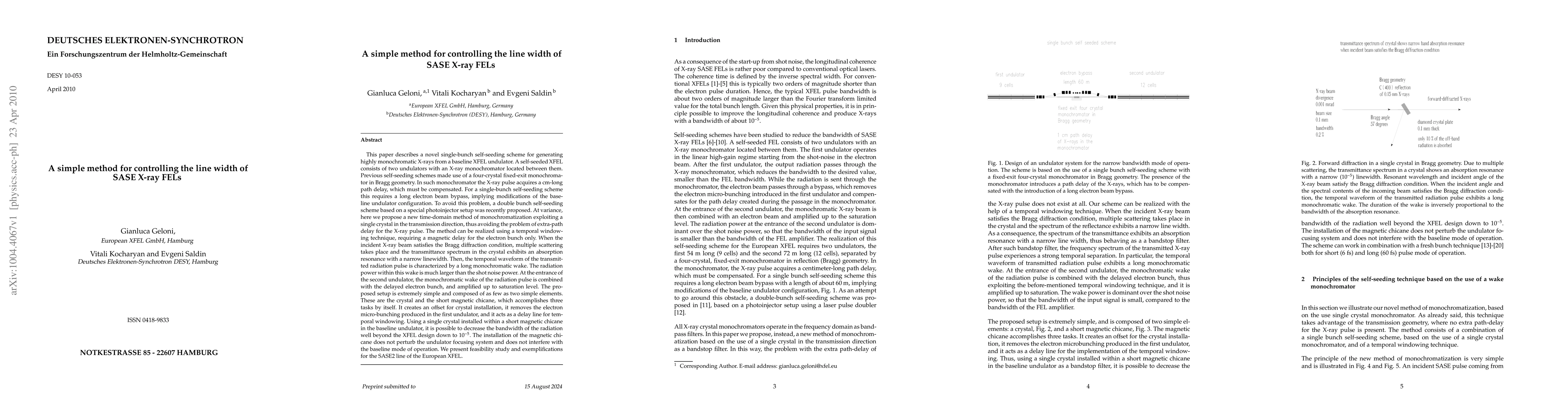This paper describes a novel single-bunch self-seeding scheme for generating highly monochromatic X-rays from a baseline XFEL undulator. Previous schemes made use of a four-crystal fixed-exit monochromator in Bragg geometry. In such monochromator the X-ray pulse acquires a cm-long path delay, which must be compensated. For a single-bunch self-seeding scheme this requires a long electron beam bypass, implying modifications of the baseline undulator configuration. To avoid this problem, a double bunch self-seeding scheme based on a special photoinjector setup was recently proposed. At variance, here we propose a new time-domain method of monochromatization exploiting a single crystal in the transmission direction, thus avoiding the problem of extra-path delay for the X-ray pulse. The method can be realized using a temporal windowing technique, requiring a magnetic delay for the electron bunch only. The proposed setup is extremely simple and composed of as few as two simple elements. These are the crystal and the short magnetic chicane, which accomplishes three tasks by itself. It creates an offset for crystal installation, it removes the electron micro-bunching produced in the first undulator, and it acts as a delay line for temporal windowing. Using a single crystal installed within a short magnetic chicane in the baseline undulator, it is possible to decrease the bandwidth of the radiation well beyond the XFEL design down to 10E-5. The installation of the magnetic chicane does not perturb the undulator focusing system and does not interfere with the baseline mode of operation. We present feasibility study and exemplifications for the SASE2 line of the European XFEL.
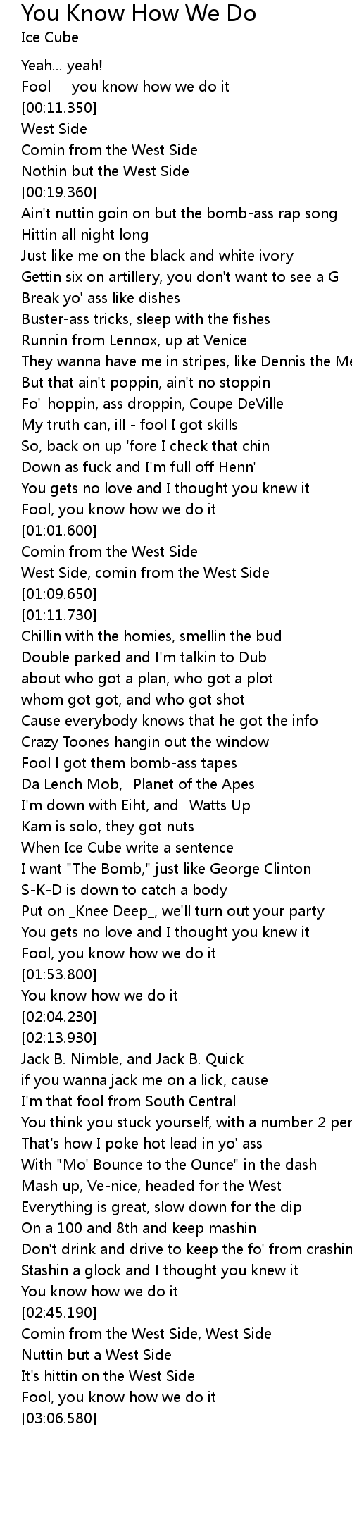 | [01:38.180] | When Ice Cube write a sentence |
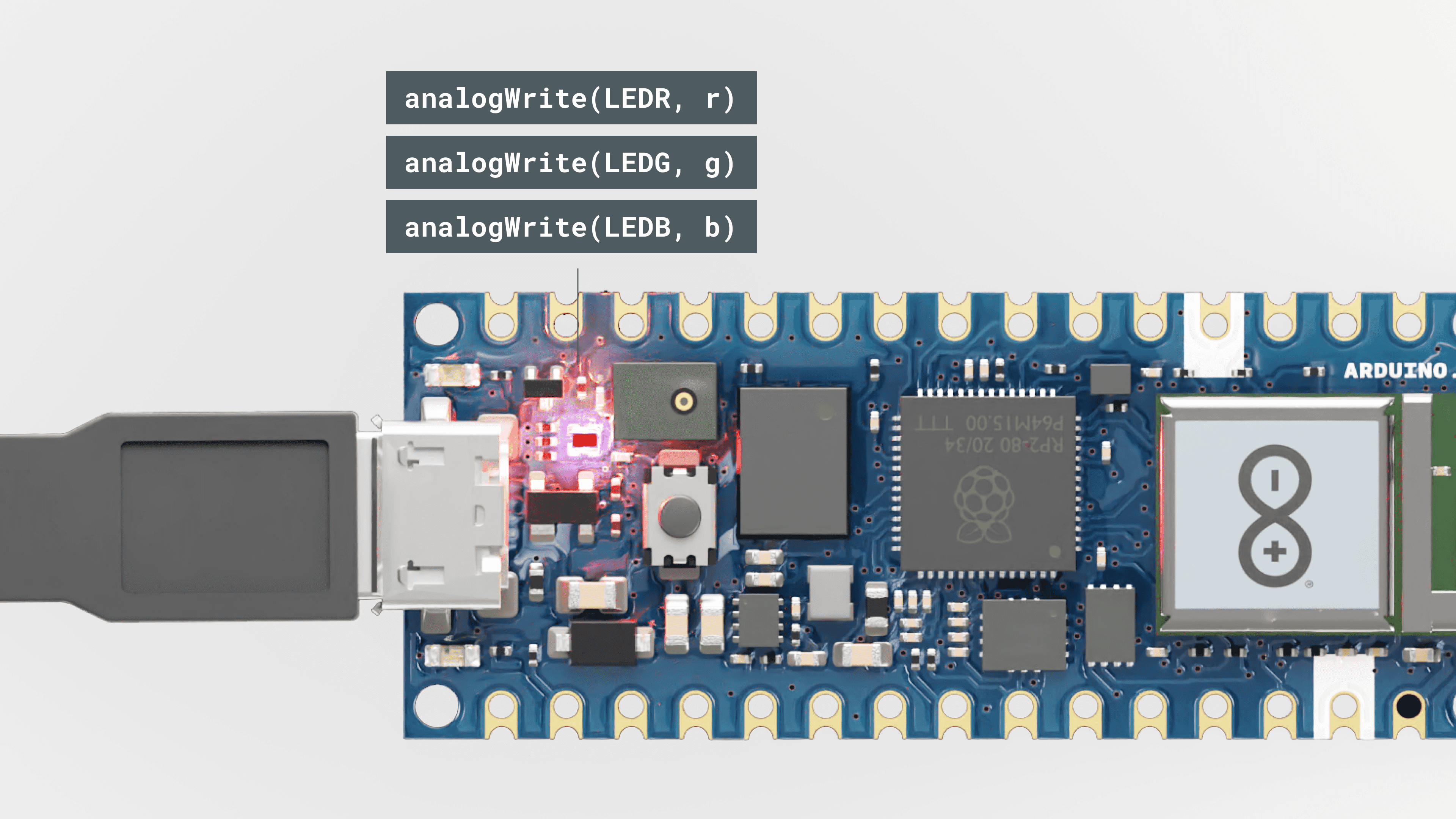 49 //values on Nano RP2040 Connect are inverted50 //so let's remap them51 int red = map(r, 0, 255, 255, 0);52 int green = map(g, 0, 255, 255, 0);53 int blue = map(b, 0, 255, 255, 0);54

======

### Task details
Transcribe the material exactly, leaving every picture out.

### Result
This paper describes a novel single-bunch self-seeding scheme for generating highly monochromatic X-rays from a baseline XFEL undulator. Previous schemes made use of a four-crystal fixed-exit monochromator in Bragg geometry. In such monochromator the X-ray pulse acquires a cm-long path delay, which must be compensated. For a single-bunch self-seeding scheme this requires a long electron beam bypass, implying modifications of the baseline undulator configuration. To avoid this problem, a double bunch self-seeding scheme based on a special photoinjector setup was recently proposed. At variance, here we propose a new time-domain method of monochromatization exploiting a single crystal in the transmission direction, thus avoiding the problem of extra-path delay for the X-ray pulse. The method can be realized using a temporal windowing technique, requiring a magnetic delay for the electron bunch only. The proposed setup is extremely simple and composed of as few as two simple elements. These are the crystal and the short magnetic chicane, which accomplishes three tasks by itself. It creates an offset for crystal installation, it removes the electron micro-bunching produced in the first undulator, and it acts as a delay line for temporal windowing. Using a single crystal installed within a short magnetic chicane in the baseline undulator, it is possible to decrease the bandwidth of the radiation well beyond the XFEL design down to 10E-5. The installation of the magnetic chicane does not perturb the undulator focusing system and does not interfere with the baseline mode of operation. We present feasibility study and exemplifications for the SASE2 line of the European XFEL.
 | [01:38.180] | When Ice Cube write a sentence |
 49 //values on Nano RP2040 Connect are inverted50 //so let's remap them51 int red = map(r, 0, 255, 255, 0);52 int green = map(g, 0, 255, 255, 0);53 int blue = map(b, 0, 255, 255, 0);54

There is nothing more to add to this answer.